I hate that. You can't teach some people anything. Once an irrational belief gets fixed, people will die rather than admit to being wrong.


----------



## hpm08161947 (May 16, 2009)

Last year we were given a yard for the bees. My son and I loaded up 5 pallets and took them there. While unloading them a neighbor (at least a 1/4 mile away) shows up and says those bees will sting his horse. I tried to explain to him that this was highly unlikely and that if there was a problem we would move them out. But I could tell that this was the kind of person who just looks for a "Cause" to get irate about. So I told my son that we had best just load them up and take them back. While loading them up I could tell that the complainer was actually disappointed that he was not going to have an issue to get excited about. So whenever there is even a slight problem there really is not much choice. I could easily imagine this person spraying the hives down with Sevin or something.


----------



## Ozone (May 24, 2011)

byron said:


> I hate that. You can't teach some people anything. Once an irrational belief gets fixed, people will die rather than admit to being wrong.

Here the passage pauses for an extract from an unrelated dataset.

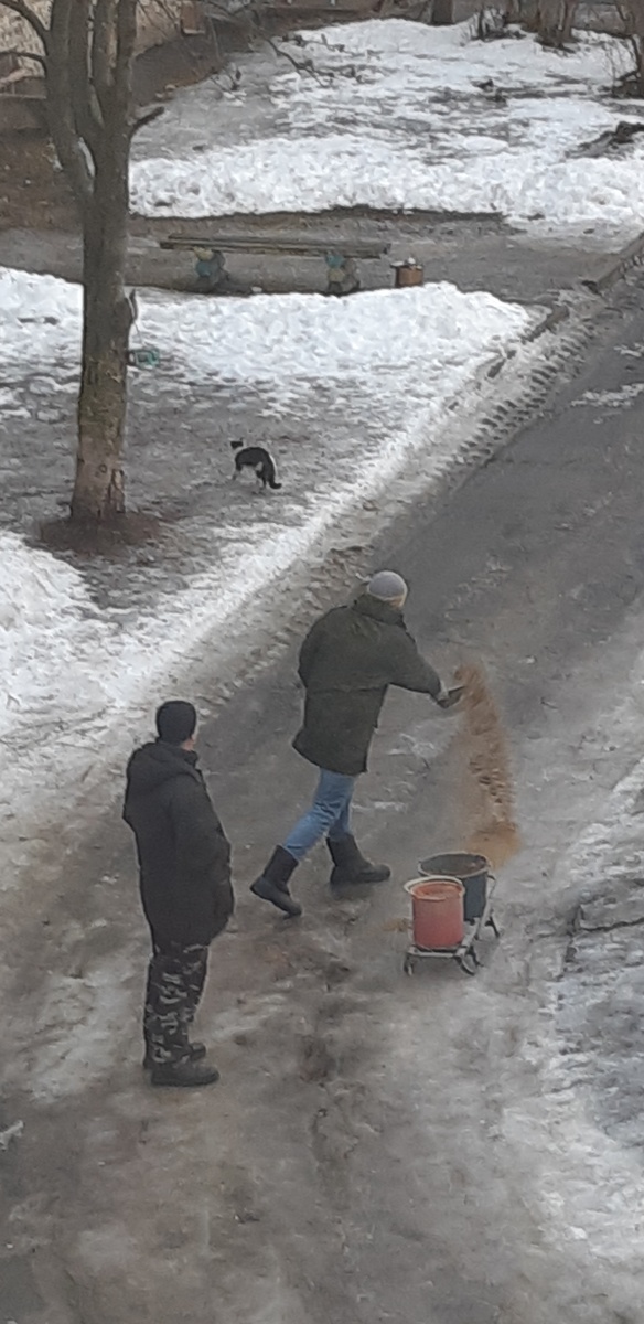 Сегодня утром, наконец-то красная армия пришла на помощь в лице дворника с совком. Он отчаянно боролся с гололёдом, разбрасывая песок на спины любопытствующих котов, облегчая заодно и труд травматологов с хирургами. Думаю, они шлют ему лучи добра и поддержки.Травматологи и хирурги, не коты. Естественно, тут же нашлись смотрящие контролёры. У мужиков всегда так - один работает, трое рядом стоят.Наблюдают и дают советы. -"После вкусного обеда по закону Архимеда...."- громко запел муж, усевшись за стол рядом с Китей. -"Вытрем руки об соседа!"- продолжила я с готовностью фразу. Мы с мужем относимся к тому поколению, которое воспитывалось на одних песнях, стихах, рассказах и прочем. Если я спрошу у мужа, идущего мне навстречу по дороге с путающимся под ногами липучкой Китей: " Кто шагает дружно в ряд?" Мне в ответ тут же выпалят: "Это смена комсомола, юных ленинцев отряд! Раз в ногу, в ногу раз! Нас много- много нас! Сильные, умелые, всегда мы тут как тут!" И Китя в конце издаст

Wow! A true genius here! :thumbsup:


----------



## WLC (Feb 7, 2010)

If you've made an agreement with a landowner for consideration, would you still owe them consideration if you unilaterally removed your hives?


----------



## hpm08161947 (May 16, 2009)

Hmmm.. good question. It would depend on the contract - I assume with remuneration a contract would be involved. When it comes to pollination a contract could be involved, and this contract would most likely include clauses that make the landowner responsible for damage to the hives. But Yards just for placement seldom involve contracts... just an occasional jar or two of honey. At least that is the way it is in this rural backwater.


----------



## WLC (Feb 7, 2010)

Even if it's just a handshake and a jar of honey, it couldn't hurt to show that 'you're a man of your word'. It'll get around if you don't follow through. Even in the big city, we 'gossip' to fill the hours.


----------



## jim lyon (Feb 19, 2006)

There are certain people you just need to stay away from. BMAC did the right thing, just get outta there, under the best terms possible protracted arguments only make things worse. I moved a yard once in mid summer (pre forklift days for me) for a lady that was almost hysterical because a tree by her house was full of bees working it. She knew I had a yard just a couple hundred yards away and insisted I do something to get the bees out of her trees. When all logic failed I finally told her I'd move my hives she said "oh great you move your bees and leave me with this problem".


----------



## hpm08161947 (May 16, 2009)

WLC said:


> Even if it's just a handshake and a jar of honey, it couldn't hurt to show that 'you're a man of your word'. .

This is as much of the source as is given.